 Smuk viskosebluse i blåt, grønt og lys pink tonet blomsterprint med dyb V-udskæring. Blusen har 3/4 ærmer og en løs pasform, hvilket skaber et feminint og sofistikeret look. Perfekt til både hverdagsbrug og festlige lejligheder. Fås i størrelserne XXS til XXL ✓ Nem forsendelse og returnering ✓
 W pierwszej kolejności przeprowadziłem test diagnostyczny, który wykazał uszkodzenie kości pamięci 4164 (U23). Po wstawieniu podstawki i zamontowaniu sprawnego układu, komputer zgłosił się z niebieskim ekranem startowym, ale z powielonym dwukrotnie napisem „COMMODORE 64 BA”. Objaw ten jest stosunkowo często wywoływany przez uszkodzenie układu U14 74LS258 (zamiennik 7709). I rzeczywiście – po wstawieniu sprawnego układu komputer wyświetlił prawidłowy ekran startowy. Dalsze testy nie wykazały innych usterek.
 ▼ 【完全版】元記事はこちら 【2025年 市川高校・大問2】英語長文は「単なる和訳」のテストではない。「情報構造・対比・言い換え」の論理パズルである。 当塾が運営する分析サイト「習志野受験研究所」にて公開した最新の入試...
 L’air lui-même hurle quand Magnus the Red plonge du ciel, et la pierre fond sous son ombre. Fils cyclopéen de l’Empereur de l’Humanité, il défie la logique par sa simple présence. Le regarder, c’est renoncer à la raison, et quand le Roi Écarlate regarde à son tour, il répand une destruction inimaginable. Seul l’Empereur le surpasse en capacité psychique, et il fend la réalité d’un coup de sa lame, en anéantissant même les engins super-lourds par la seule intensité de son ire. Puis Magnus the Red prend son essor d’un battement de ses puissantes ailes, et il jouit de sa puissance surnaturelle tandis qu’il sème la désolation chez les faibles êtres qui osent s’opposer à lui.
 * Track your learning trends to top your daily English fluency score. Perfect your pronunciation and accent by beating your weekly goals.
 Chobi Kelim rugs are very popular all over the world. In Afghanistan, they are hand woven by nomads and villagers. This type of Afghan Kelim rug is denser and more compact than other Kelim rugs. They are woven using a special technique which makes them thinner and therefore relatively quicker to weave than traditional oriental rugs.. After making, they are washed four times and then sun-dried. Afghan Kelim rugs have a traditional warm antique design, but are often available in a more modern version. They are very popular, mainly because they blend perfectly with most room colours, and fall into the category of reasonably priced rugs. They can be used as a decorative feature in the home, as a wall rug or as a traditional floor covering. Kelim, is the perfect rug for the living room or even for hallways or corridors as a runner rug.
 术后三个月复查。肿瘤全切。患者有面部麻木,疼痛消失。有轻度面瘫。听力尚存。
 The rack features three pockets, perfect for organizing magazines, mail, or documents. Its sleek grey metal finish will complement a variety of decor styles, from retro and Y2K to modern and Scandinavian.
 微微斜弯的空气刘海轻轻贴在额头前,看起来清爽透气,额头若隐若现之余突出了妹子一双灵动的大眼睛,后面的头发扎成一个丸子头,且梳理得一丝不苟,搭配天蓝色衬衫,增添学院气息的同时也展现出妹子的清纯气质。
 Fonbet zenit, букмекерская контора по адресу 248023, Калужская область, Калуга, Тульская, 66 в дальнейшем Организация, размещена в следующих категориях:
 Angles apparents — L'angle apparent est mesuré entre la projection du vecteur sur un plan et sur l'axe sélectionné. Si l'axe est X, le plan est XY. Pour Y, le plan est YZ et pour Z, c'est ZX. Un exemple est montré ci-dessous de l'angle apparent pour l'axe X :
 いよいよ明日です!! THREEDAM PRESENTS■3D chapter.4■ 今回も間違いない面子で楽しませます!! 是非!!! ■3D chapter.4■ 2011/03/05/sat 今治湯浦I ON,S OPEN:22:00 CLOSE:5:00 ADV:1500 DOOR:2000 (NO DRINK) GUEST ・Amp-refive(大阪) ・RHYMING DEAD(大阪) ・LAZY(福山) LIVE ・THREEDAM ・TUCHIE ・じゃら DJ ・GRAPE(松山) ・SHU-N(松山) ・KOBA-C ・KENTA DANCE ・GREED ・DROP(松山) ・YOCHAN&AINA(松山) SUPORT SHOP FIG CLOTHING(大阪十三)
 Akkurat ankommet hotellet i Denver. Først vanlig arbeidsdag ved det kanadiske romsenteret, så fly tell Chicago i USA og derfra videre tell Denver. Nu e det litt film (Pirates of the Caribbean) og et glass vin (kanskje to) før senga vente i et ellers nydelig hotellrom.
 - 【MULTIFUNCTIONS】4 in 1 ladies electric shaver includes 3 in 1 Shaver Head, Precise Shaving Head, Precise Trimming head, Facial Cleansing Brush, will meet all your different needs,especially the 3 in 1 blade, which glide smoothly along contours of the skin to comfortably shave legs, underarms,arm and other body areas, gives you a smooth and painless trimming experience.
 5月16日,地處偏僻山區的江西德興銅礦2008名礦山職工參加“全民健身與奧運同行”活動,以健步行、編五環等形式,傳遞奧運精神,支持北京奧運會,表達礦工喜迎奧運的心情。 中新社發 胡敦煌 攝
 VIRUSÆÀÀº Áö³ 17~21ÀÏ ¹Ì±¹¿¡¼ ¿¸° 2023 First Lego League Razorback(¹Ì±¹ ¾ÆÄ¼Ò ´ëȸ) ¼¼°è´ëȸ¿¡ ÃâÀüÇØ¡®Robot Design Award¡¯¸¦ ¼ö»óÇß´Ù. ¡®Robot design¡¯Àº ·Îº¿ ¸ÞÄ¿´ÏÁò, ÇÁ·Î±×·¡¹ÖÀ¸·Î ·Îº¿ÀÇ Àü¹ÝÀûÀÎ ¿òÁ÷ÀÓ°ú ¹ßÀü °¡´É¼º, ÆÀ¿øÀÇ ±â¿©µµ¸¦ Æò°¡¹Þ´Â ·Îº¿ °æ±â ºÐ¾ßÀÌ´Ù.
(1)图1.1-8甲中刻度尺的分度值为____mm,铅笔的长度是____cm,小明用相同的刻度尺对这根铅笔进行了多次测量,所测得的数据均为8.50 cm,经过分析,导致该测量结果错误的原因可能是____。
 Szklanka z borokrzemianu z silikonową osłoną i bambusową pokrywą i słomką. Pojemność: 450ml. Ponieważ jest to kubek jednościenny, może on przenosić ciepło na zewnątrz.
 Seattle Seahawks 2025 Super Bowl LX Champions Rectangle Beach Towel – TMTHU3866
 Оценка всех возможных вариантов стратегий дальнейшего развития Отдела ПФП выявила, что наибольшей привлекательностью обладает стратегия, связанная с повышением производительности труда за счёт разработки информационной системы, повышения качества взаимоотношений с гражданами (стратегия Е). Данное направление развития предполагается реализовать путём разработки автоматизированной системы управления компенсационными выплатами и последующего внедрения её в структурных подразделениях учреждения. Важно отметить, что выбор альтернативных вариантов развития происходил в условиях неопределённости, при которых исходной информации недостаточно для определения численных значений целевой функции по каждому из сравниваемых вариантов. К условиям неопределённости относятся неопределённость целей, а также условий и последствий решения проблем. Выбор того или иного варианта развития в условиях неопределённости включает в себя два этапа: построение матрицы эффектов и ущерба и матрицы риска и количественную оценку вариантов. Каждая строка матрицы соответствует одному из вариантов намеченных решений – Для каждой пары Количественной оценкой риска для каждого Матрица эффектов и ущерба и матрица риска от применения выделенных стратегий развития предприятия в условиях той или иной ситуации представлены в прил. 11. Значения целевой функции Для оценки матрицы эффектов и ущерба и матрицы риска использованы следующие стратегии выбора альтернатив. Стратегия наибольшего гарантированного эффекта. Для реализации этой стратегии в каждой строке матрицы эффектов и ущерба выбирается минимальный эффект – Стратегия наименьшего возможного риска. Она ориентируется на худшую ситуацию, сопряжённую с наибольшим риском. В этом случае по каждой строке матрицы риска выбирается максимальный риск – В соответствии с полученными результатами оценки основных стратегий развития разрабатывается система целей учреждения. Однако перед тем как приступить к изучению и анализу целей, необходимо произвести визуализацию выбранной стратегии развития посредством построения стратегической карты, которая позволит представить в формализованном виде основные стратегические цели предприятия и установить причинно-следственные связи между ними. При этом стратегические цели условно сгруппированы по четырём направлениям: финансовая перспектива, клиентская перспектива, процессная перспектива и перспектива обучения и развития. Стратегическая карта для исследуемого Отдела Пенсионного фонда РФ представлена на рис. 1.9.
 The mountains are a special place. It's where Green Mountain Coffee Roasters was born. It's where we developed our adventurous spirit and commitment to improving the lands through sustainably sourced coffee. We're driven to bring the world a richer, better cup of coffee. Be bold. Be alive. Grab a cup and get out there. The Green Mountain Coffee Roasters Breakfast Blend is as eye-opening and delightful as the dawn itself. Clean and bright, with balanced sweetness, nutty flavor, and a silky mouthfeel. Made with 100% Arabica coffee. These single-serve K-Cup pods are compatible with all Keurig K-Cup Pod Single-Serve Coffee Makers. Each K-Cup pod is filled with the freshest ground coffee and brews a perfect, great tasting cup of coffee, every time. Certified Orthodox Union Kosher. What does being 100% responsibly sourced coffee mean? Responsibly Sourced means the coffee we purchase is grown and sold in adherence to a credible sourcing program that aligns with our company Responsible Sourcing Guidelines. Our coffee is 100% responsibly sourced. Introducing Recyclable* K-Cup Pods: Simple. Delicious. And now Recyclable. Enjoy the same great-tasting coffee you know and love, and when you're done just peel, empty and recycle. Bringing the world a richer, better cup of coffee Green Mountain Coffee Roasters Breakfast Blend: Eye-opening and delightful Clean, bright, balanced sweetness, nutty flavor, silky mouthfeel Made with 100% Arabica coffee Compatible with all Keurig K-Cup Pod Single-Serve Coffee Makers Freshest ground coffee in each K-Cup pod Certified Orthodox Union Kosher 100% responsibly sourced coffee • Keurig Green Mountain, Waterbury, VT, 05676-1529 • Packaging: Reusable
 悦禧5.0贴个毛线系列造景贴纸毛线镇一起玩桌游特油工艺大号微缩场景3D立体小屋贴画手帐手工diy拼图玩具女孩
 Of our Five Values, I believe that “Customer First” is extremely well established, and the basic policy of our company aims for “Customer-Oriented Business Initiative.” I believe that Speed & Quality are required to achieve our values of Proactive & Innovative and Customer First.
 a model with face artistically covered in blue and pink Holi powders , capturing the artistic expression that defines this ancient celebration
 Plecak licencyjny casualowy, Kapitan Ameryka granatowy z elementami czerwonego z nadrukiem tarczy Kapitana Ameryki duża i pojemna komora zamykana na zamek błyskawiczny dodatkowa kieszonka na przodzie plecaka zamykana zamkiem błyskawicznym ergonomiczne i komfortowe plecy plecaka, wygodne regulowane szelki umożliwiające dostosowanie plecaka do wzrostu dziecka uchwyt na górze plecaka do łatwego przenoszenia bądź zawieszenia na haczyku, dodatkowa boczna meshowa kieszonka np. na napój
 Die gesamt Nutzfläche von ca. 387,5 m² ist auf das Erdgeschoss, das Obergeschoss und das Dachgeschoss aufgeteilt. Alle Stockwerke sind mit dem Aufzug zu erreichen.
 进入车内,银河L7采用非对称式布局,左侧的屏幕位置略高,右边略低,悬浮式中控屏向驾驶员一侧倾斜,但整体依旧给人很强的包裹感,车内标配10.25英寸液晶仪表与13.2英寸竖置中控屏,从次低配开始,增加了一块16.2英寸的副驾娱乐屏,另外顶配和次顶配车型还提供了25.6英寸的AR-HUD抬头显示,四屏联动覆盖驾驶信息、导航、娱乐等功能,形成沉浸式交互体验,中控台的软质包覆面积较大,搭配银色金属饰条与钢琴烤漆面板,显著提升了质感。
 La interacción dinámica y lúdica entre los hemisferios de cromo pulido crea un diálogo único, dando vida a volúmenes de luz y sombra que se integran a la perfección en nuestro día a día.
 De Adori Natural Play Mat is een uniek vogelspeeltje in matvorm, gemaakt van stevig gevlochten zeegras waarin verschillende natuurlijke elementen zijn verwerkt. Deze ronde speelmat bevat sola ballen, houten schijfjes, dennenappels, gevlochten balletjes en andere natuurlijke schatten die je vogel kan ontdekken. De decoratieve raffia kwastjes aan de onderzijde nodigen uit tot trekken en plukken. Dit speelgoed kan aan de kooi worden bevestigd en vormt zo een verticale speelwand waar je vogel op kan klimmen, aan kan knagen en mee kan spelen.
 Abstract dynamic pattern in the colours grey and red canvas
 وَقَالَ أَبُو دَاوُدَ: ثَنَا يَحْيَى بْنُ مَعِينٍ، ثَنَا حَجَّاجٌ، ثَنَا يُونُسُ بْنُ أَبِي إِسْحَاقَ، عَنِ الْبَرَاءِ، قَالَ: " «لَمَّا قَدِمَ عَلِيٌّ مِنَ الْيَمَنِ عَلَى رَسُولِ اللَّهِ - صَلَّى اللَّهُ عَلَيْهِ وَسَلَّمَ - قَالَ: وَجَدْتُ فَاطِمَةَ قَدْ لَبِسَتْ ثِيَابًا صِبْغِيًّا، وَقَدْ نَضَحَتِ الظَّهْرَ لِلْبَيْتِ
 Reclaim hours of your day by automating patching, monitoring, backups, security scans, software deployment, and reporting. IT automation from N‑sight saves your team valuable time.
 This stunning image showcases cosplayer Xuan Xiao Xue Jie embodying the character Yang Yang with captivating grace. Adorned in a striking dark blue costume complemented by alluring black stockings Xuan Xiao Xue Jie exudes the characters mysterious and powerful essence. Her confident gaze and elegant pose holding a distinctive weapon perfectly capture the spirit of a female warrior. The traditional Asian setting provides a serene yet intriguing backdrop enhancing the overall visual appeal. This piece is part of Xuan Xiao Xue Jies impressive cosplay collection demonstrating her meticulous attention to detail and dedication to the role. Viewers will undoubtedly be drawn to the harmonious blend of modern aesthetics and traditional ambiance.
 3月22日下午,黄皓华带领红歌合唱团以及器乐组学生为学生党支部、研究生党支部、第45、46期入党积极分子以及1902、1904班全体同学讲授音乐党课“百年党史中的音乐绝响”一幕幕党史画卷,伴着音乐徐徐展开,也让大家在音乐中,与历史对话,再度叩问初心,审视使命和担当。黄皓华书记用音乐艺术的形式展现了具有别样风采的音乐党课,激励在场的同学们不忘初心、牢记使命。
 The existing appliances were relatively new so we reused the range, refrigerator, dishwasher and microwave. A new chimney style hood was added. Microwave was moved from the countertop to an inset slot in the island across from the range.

• _Requirement_:
Starting at the line above that contains "Fonbet zenit, букмекерская", write out each line exactly until the line that contains "VIRUSÆÀÀº Áö³ 17~21ÀÏ" has been written, and stop there.

• _Exercise output_:
 Fonbet zenit, букмекерская контора по адресу 248023, Калужская область, Калуга, Тульская, 66 в дальнейшем Организация, размещена в следующих категориях:
 Angles apparents — L'angle apparent est mesuré entre la projection du vecteur sur un plan et sur l'axe sélectionné. Si l'axe est X, le plan est XY. Pour Y, le plan est YZ et pour Z, c'est ZX. Un exemple est montré ci-dessous de l'angle apparent pour l'axe X :
 いよいよ明日です!! THREEDAM PRESENTS■3D chapter.4■ 今回も間違いない面子で楽しませます!! 是非!!! ■3D chapter.4■ 2011/03/05/sat 今治湯浦I ON,S OPEN:22:00 CLOSE:5:00 ADV:1500 DOOR:2000 (NO DRINK) GUEST ・Amp-refive(大阪) ・RHYMING DEAD(大阪) ・LAZY(福山) LIVE ・THREEDAM ・TUCHIE ・じゃら DJ ・GRAPE(松山) ・SHU-N(松山) ・KOBA-C ・KENTA DANCE ・GREED ・DROP(松山) ・YOCHAN&AINA(松山) SUPORT SHOP FIG CLOTHING(大阪十三)
 Akkurat ankommet hotellet i Denver. Først vanlig arbeidsdag ved det kanadiske romsenteret, så fly tell Chicago i USA og derfra videre tell Denver. Nu e det litt film (Pirates of the Caribbean) og et glass vin (kanskje to) før senga vente i et ellers nydelig hotellrom.
 - 【MULTIFUNCTIONS】4 in 1 ladies electric shaver includes 3 in 1 Shaver Head, Precise Shaving Head, Precise Trimming head, Facial Cleansing Brush, will meet all your different needs,especially the 3 in 1 blade, which glide smoothly along contours of the skin to comfortably shave legs, underarms,arm and other body areas, gives you a smooth and painless trimming experience.
 5月16日,地處偏僻山區的江西德興銅礦2008名礦山職工參加“全民健身與奧運同行”活動,以健步行、編五環等形式,傳遞奧運精神,支持北京奧運會,表達礦工喜迎奧運的心情。 中新社發 胡敦煌 攝
 VIRUSÆÀÀº Áö³ 17~21ÀÏ ¹Ì±¹¿¡¼ ¿¸° 2023 First Lego League Razorback(¹Ì±¹ ¾ÆÄ¼Ò ´ëȸ) ¼¼°è´ëȸ¿¡ ÃâÀüÇØ¡®Robot Design Award¡¯¸¦ ¼ö»óÇß´Ù. ¡®Robot design¡¯Àº ·Îº¿ ¸ÞÄ¿´ÏÁò, ÇÁ·Î±×·¡¹ÖÀ¸·Î ·Îº¿ÀÇ Àü¹ÝÀûÀÎ ¿òÁ÷ÀÓ°ú ¹ßÀü °¡´É¼º, ÆÀ¿øÀÇ ±â¿©µµ¸¦ Æò°¡¹Þ´Â ·Îº¿ °æ±â ºÐ¾ßÀÌ´Ù.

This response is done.